Page:The New Forest - its history and its scenery.djvu/195

This page has been proofread, but needs to be validated.
Superstitions.

then drunk at stated times in water. Hares' brains are recommended for infants prematurely born. Children suffering from fits are, or rather were, passed through cloven ash-trees. Bread baked on Good Friday will not only keep seven years, but is a remedy for certain complaints. The seventh son of a seventh son can perform cures. In fact, a pharmacopoeia of such superstitions might be compiled.

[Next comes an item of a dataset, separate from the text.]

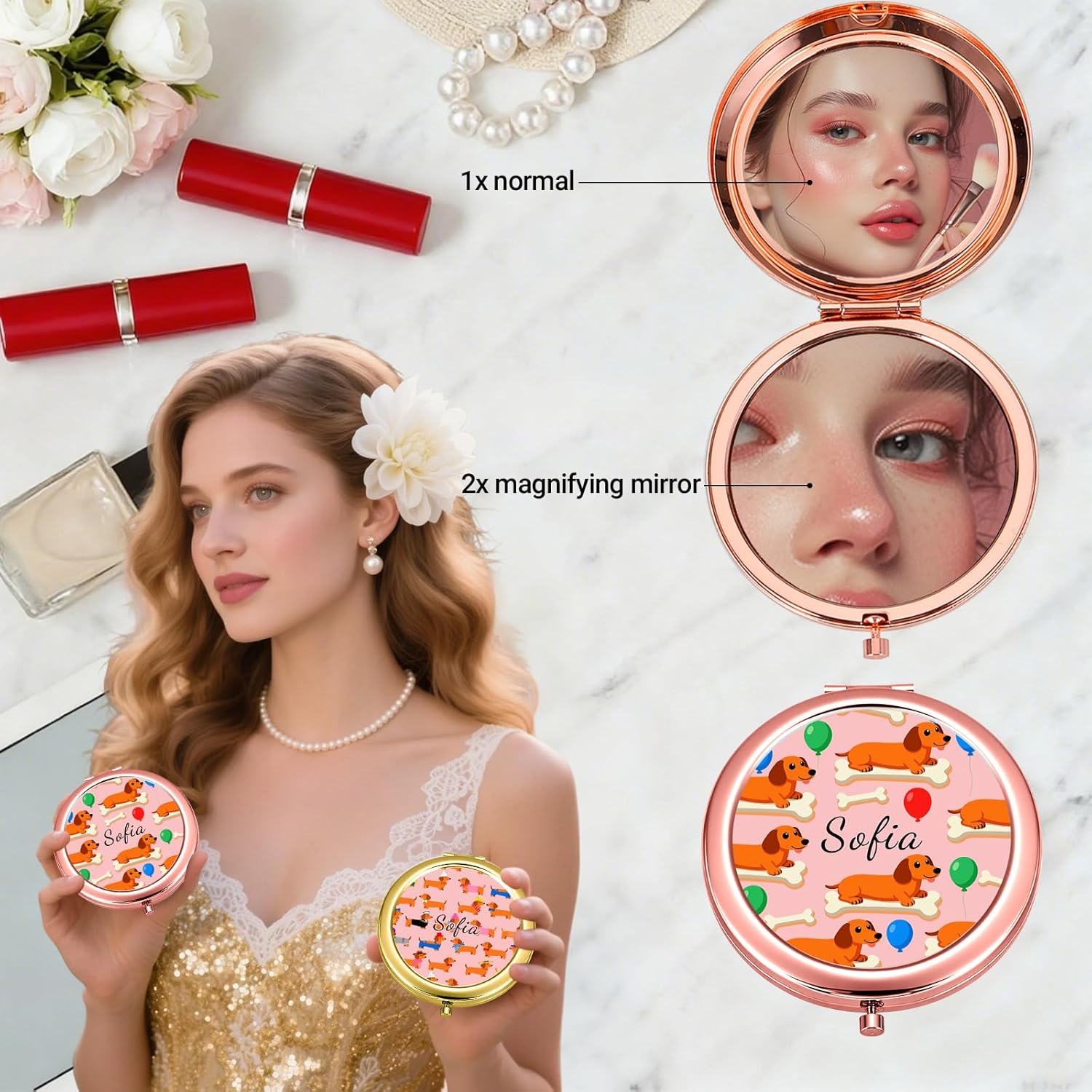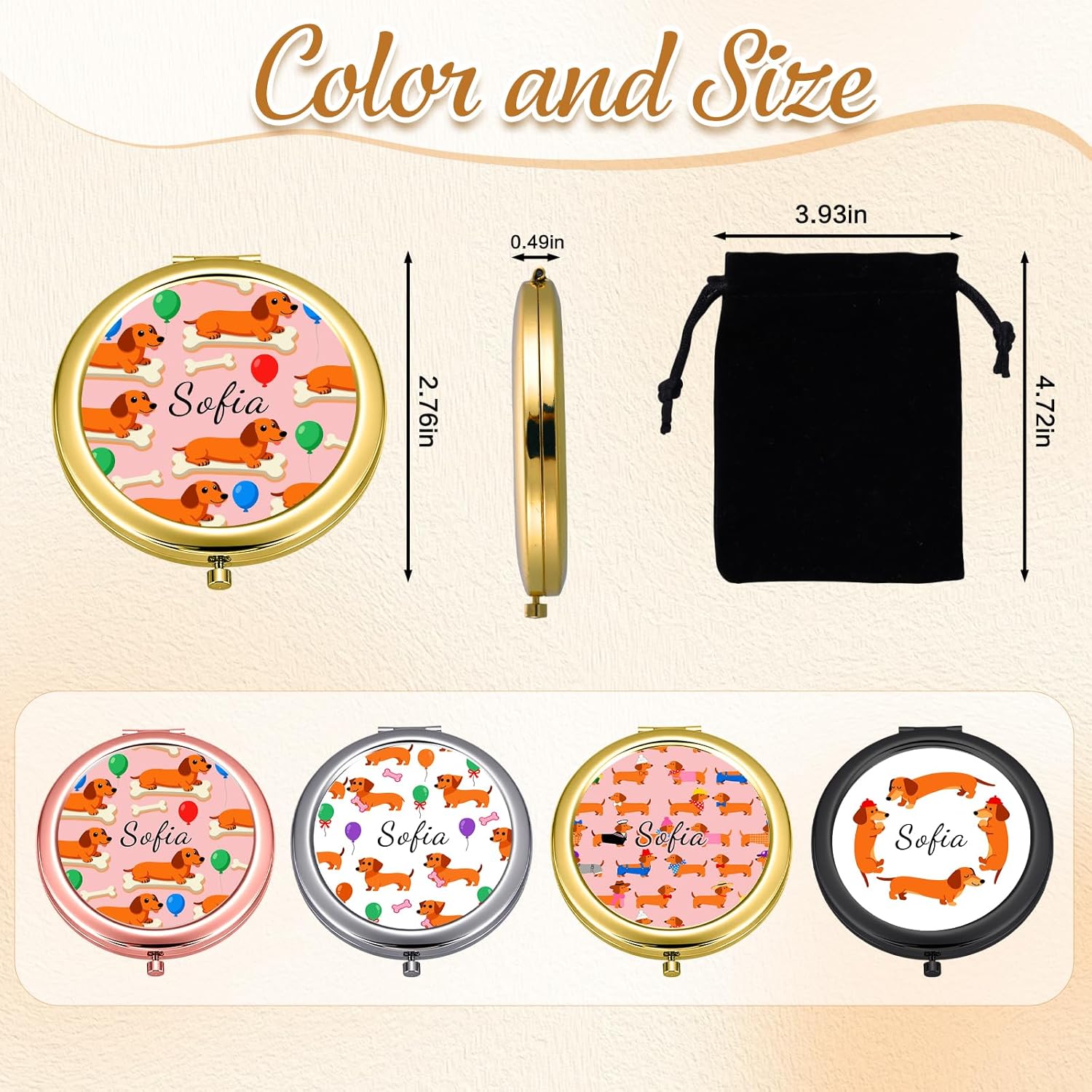 Custom Compact Mirror with Name - Personalized Flip Makeup Travel Pocket Mirror Gift for Women Bridesmaids Wedding Birthday (Dogs)

The New Forest peasant puts absolute faith in all traditions, believing as firmly in St. Swithin as his forefathers did when the saint was Bishop of Winchester; turns his money, if he has any, when he sees the new moon; fancies that a burn is a charm against leaving the house; that witches cannot cross over a brook; that the death's-head moth was only first seen after the execution of Charles I.; that the man in the moon was sent there for stealing wood from the Forest—a superstition, by the way, mentioned in a slightly different form by Reginald Pecock, Bishop of Chichester, in the fifteenth century.[1] And the "stolen bush," referred to by Caliban in the Tempest (Act ii., sc. 2), and Bottom in the Midsummer Night's Dream (Act vi. sc. 1), is still here called the "nitch," or bundle of faggots.[2]

Not only this, but the barrows on the plains are named after the fairies, and the peasant imagines, like the treasure-seekers of the Middle-Ages, that they contain untold wealth, and that the Forest wells are full of gold.[3]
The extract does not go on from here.